** Opening Data for review block **

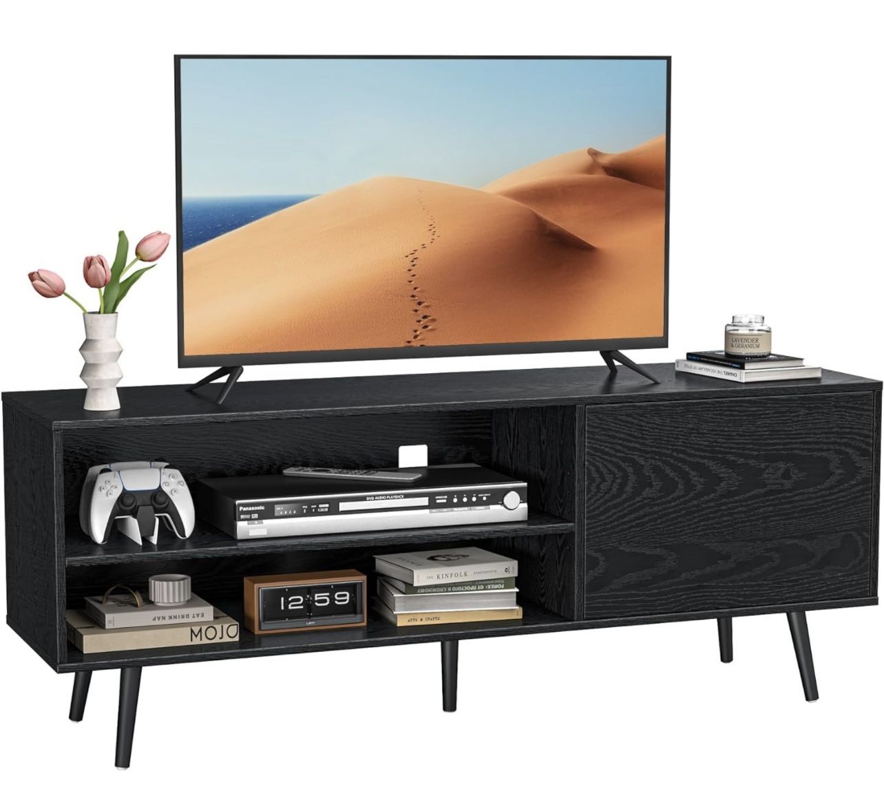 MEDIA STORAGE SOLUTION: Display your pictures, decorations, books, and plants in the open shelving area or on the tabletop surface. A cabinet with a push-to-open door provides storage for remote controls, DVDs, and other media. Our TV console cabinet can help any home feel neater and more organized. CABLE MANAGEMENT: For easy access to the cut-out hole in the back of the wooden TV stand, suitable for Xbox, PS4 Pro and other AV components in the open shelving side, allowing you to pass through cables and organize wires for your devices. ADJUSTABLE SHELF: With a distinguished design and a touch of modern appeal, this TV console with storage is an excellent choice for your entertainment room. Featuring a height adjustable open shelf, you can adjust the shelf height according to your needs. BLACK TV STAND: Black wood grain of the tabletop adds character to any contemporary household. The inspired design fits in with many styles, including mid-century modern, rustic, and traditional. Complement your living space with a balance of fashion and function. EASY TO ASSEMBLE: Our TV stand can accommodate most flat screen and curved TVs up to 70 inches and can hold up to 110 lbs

** Closing Data for review block **
** Opening Data for review block **

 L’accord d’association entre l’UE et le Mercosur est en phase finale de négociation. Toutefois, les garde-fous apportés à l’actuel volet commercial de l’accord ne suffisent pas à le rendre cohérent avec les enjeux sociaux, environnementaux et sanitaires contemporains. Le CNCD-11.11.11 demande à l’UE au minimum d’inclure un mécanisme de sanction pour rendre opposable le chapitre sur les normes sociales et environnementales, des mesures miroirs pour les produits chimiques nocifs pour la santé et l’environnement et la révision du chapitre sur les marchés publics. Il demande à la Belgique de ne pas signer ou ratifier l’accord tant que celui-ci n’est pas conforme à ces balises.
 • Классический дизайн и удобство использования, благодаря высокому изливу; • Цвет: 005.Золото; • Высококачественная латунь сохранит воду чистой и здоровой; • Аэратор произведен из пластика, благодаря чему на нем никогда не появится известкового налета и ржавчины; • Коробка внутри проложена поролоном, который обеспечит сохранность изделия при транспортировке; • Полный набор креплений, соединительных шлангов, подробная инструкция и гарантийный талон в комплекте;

** Closing Data for review block **

▶ **Problem statement**
From the records above, give again exactly the lines running from the line with "L’accord d’association entre" to the line with "талон в комплекте;", inclusive.

▶ **Response to the task**
 L’accord d’association entre l’UE et le Mercosur est en phase finale de négociation. Toutefois, les garde-fous apportés à l’actuel volet commercial de l’accord ne suffisent pas à le rendre cohérent avec les enjeux sociaux, environnementaux et sanitaires contemporains. Le CNCD-11.11.11 demande à l’UE au minimum d’inclure un mécanisme de sanction pour rendre opposable le chapitre sur les normes sociales et environnementales, des mesures miroirs pour les produits chimiques nocifs pour la santé et l’environnement et la révision du chapitre sur les marchés publics. Il demande à la Belgique de ne pas signer ou ratifier l’accord tant que celui-ci n’est pas conforme à ces balises.
 • Классический дизайн и удобство использования, благодаря высокому изливу; • Цвет: 005.Золото; • Высококачественная латунь сохранит воду чистой и здоровой; • Аэратор произведен из пластика, благодаря чему на нем никогда не появится известкового налета и ржавчины; • Коробка внутри проложена поролоном, который обеспечит сохранность изделия при транспортировке; • Полный набор креплений, соединительных шлангов, подробная инструкция и гарантийный талон в комплекте;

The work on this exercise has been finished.